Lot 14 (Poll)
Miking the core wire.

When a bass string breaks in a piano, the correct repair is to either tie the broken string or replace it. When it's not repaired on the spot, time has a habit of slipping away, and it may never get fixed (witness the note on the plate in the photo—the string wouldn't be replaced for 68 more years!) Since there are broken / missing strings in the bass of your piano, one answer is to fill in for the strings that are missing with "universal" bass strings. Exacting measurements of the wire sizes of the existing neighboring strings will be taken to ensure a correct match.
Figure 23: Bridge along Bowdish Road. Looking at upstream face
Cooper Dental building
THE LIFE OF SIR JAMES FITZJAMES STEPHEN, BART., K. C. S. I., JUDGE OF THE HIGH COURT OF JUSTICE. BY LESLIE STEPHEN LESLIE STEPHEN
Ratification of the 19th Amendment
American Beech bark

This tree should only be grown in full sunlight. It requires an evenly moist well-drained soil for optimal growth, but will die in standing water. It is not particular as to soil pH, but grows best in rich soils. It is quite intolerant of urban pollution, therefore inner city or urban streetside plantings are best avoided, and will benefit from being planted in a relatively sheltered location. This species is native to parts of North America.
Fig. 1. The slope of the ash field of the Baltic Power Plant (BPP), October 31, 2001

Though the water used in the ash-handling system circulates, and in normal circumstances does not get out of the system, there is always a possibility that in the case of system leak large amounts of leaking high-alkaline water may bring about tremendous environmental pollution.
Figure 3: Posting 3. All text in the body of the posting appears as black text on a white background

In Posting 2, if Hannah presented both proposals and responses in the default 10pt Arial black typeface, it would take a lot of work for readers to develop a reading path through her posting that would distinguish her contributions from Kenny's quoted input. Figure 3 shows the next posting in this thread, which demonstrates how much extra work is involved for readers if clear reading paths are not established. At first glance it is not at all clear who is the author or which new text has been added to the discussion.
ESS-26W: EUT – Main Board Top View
...
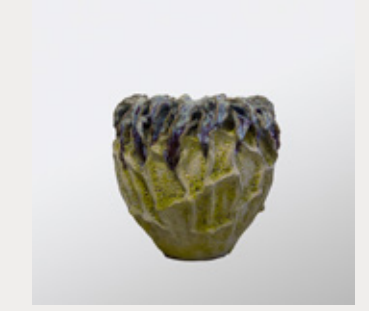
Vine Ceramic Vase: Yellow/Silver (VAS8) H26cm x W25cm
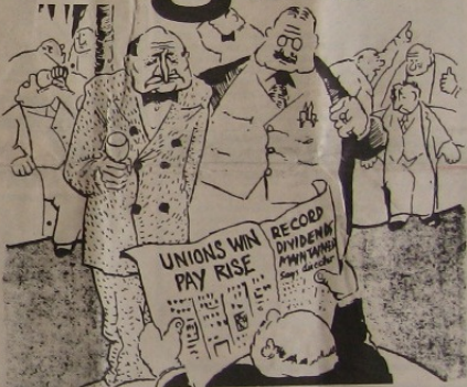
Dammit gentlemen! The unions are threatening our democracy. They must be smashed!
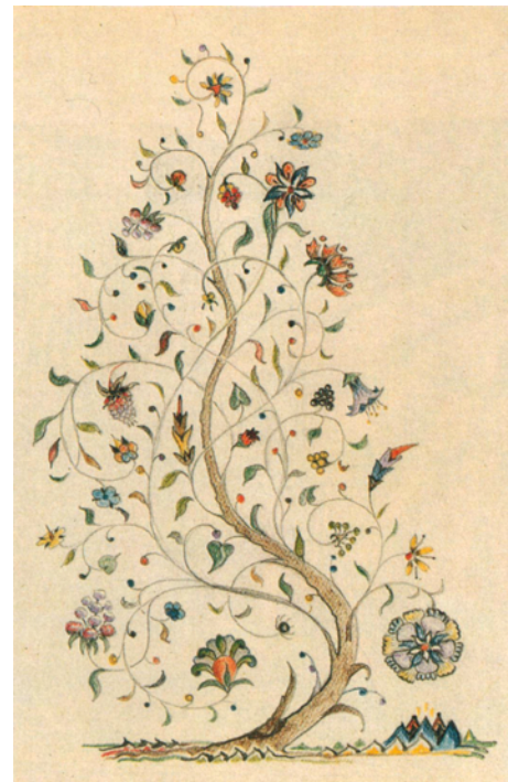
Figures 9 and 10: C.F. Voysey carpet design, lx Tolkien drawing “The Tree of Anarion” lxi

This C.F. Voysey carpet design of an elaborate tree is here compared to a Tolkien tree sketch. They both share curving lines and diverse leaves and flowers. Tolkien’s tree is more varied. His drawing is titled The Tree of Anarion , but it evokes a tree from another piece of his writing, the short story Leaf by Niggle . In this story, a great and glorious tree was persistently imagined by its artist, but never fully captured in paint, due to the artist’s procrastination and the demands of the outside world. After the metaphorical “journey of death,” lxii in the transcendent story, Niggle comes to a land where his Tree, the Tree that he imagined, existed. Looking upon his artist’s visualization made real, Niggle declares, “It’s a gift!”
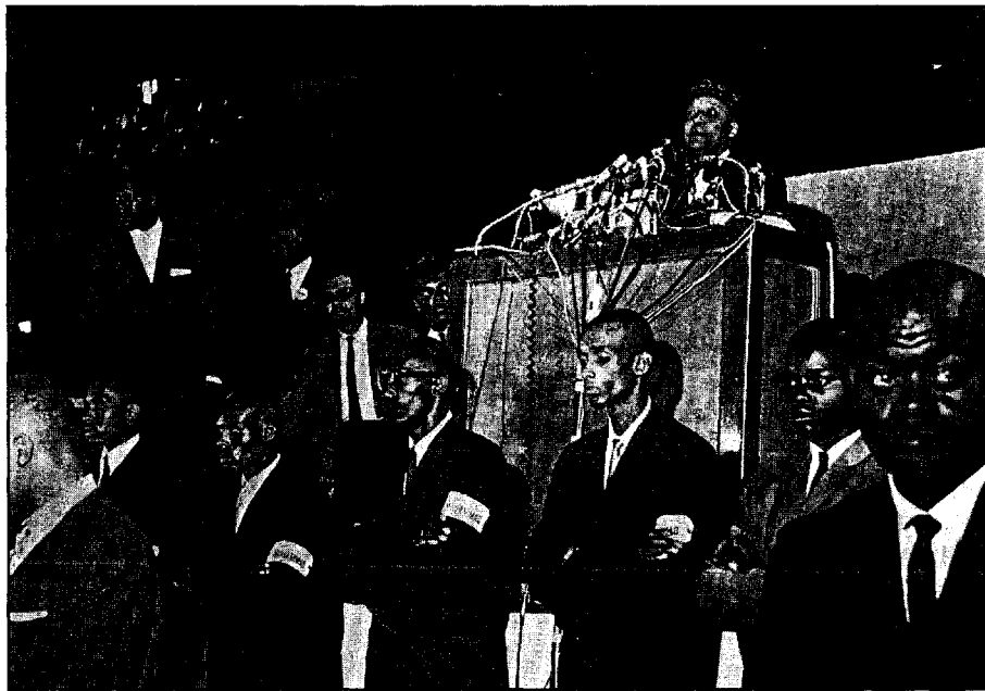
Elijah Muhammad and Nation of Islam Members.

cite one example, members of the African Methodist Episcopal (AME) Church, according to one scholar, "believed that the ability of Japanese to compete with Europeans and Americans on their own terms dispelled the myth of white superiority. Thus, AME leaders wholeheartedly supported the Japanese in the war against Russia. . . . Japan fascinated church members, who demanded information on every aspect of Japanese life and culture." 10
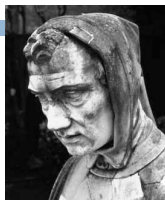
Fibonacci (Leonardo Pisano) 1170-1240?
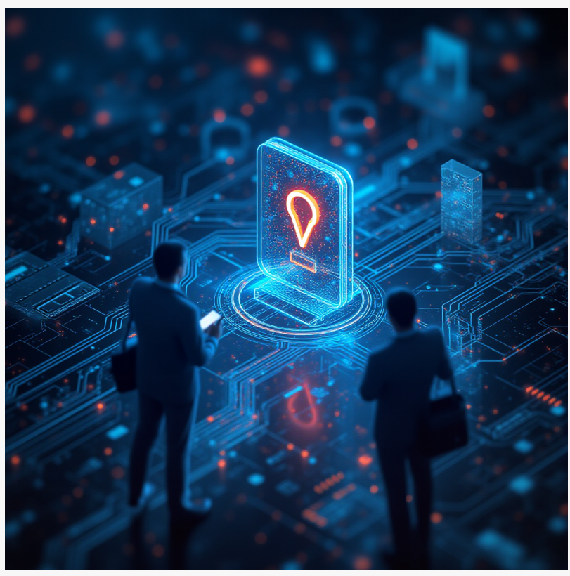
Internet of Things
==
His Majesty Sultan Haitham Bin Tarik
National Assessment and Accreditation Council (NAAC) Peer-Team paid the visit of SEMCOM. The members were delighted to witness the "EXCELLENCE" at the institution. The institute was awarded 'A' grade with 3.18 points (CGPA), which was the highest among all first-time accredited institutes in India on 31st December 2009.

- _What to work on_
Both the line containing "THE LIFE OF" and the line containing "ESS-26W: EUT – Main Board Top View" belong in the answer. Print them and every line above that falls between them exactly, and no others.

- _Answer to the exercise_
THE LIFE OF SIR JAMES FITZJAMES STEPHEN, BART., K. C. S. I., JUDGE OF THE HIGH COURT OF JUSTICE. BY LESLIE STEPHEN LESLIE STEPHEN
Ratification of the 19th Amendment
American Beech bark

This tree should only be grown in full sunlight. It requires an evenly moist well-drained soil for optimal growth, but will die in standing water. It is not particular as to soil pH, but grows best in rich soils. It is quite intolerant of urban pollution, therefore inner city or urban streetside plantings are best avoided, and will benefit from being planted in a relatively sheltered location. This species is native to parts of North America.
Fig. 1. The slope of the ash field of the Baltic Power Plant (BPP), October 31, 2001

Though the water used in the ash-handling system circulates, and in normal circumstances does not get out of the system, there is always a possibility that in the case of system leak large amounts of leaking high-alkaline water may bring about tremendous environmental pollution.
Figure 3: Posting 3. All text in the body of the posting appears as black text on a white background

In Posting 2, if Hannah presented both proposals and responses in the default 10pt Arial black typeface, it would take a lot of work for readers to develop a reading path through her posting that would distinguish her contributions from Kenny's quoted input. Figure 3 shows the next posting in this thread, which demonstrates how much extra work is involved for readers if clear reading paths are not established. At first glance it is not at all clear who is the author or which new text has been added to the discussion.
ESS-26W: EUT – Main Board Top View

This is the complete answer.